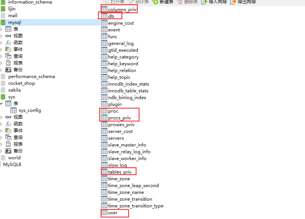 可以看到,这两个表都位于mysql系统数据库下边,其中:
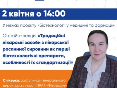 (УКР) Запрошуємо на четверту зустріч циклу лекцій «Біотехнології у медицині та фармації»
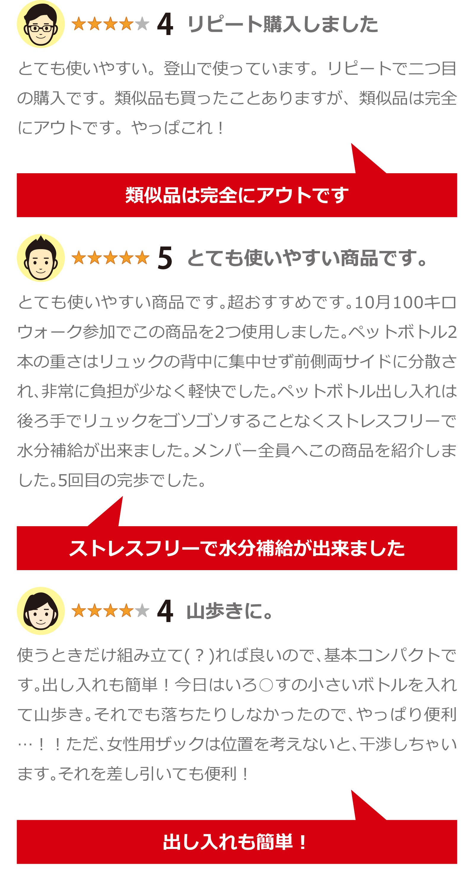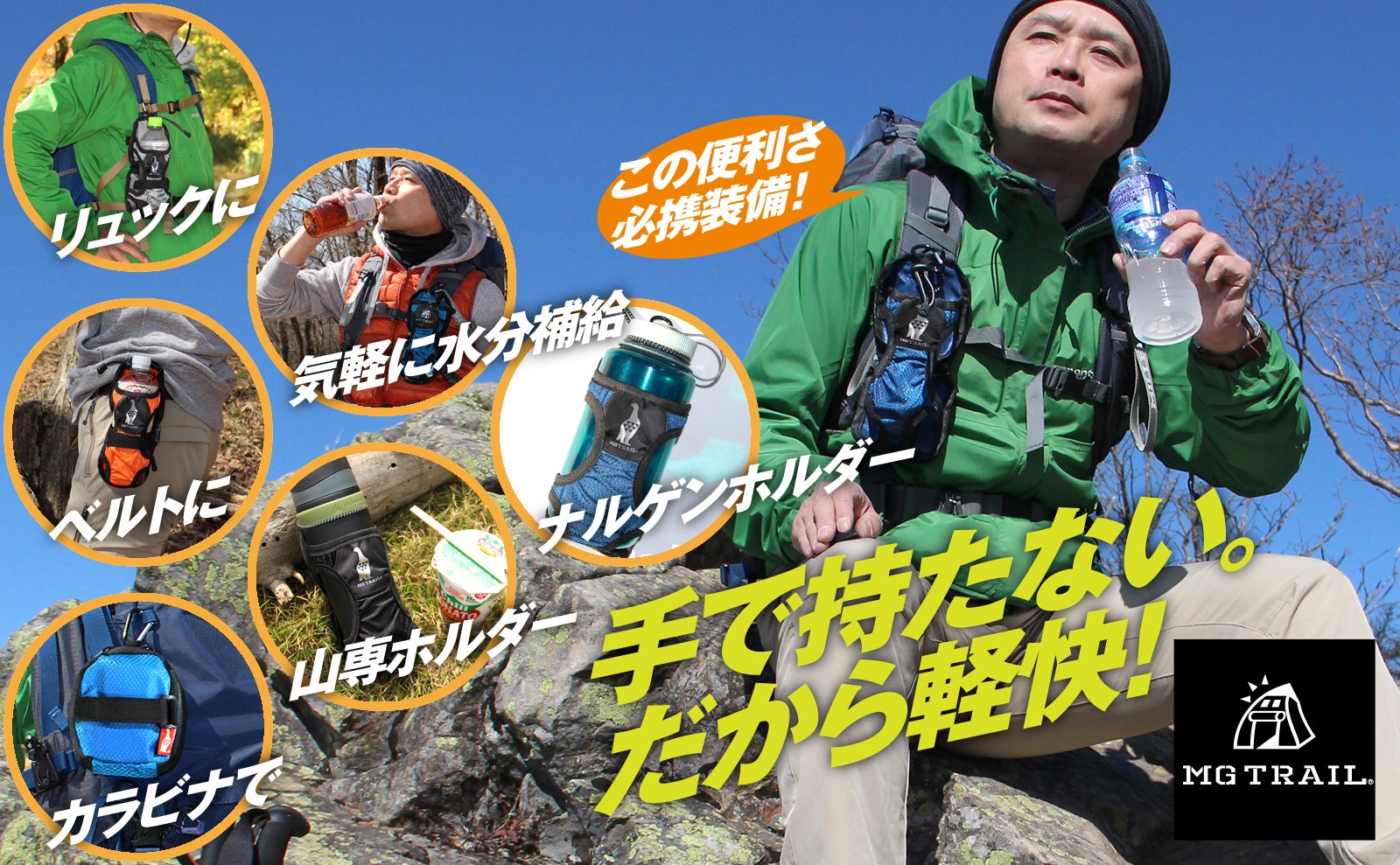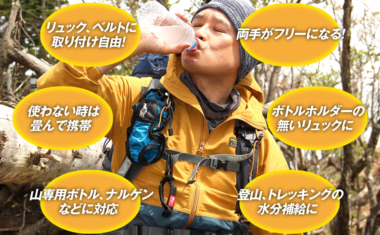 ひとつの急登を登った時。長い階段を登り終えた時。ひと山超えた瞬間にのどの渇きをいやしたいと思うことがよくあります。そんなとき、リュックを降ろしてペットボトルや水筒を取り出す余裕は無いですよね。
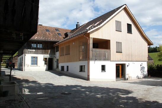 Au-dessus du lac de Pfäffikon, dans la commune de Bäretswil, des personnes ayant besoin d'assistance vivent et travaillent dans la ferme Waberg avec une famille d'agriculteurs. Timbatec a contribué à la planification dans le cadre de la rénovation du site, notamment en matière d'ingénierie bois, de protection incendie et de physique du bâtiment. Le projet comprend deux volets. D’une part, le parc immobilier agricole a été complété par une étable moderne pour la production laitière et une nouvelle remise. D’autre part, la grange existante a été transformée : le rez-de-chaussée abrite désormais des vestiaires, un bureau et les installations techniques pour l'ensemble du site, tandis que le grenier sert désormais de grange à foin.

> _Work instructions_:
Copy out the material word for word, without any images.

> _Exercise answer_:
 可以看到,这两个表都位于mysql系统数据库下边,其中:
 (УКР) Запрошуємо на четверту зустріч циклу лекцій «Біотехнології у медицині та фармації»
 ひとつの急登を登った時。長い階段を登り終えた時。ひと山超えた瞬間にのどの渇きをいやしたいと思うことがよくあります。そんなとき、リュックを降ろしてペットボトルや水筒を取り出す余裕は無いですよね。
 Au-dessus du lac de Pfäffikon, dans la commune de Bäretswil, des personnes ayant besoin d'assistance vivent et travaillent dans la ferme Waberg avec une famille d'agriculteurs. Timbatec a contribué à la planification dans le cadre de la rénovation du site, notamment en matière d'ingénierie bois, de protection incendie et de physique du bâtiment. Le projet comprend deux volets. D’une part, le parc immobilier agricole a été complété par une étable moderne pour la production laitière et une nouvelle remise. D’autre part, la grange existante a été transformée : le rez-de-chaussée abrite désormais des vestiaires, un bureau et les installations techniques pour l'ensemble du site, tandis que le grenier sert désormais de grange à foin.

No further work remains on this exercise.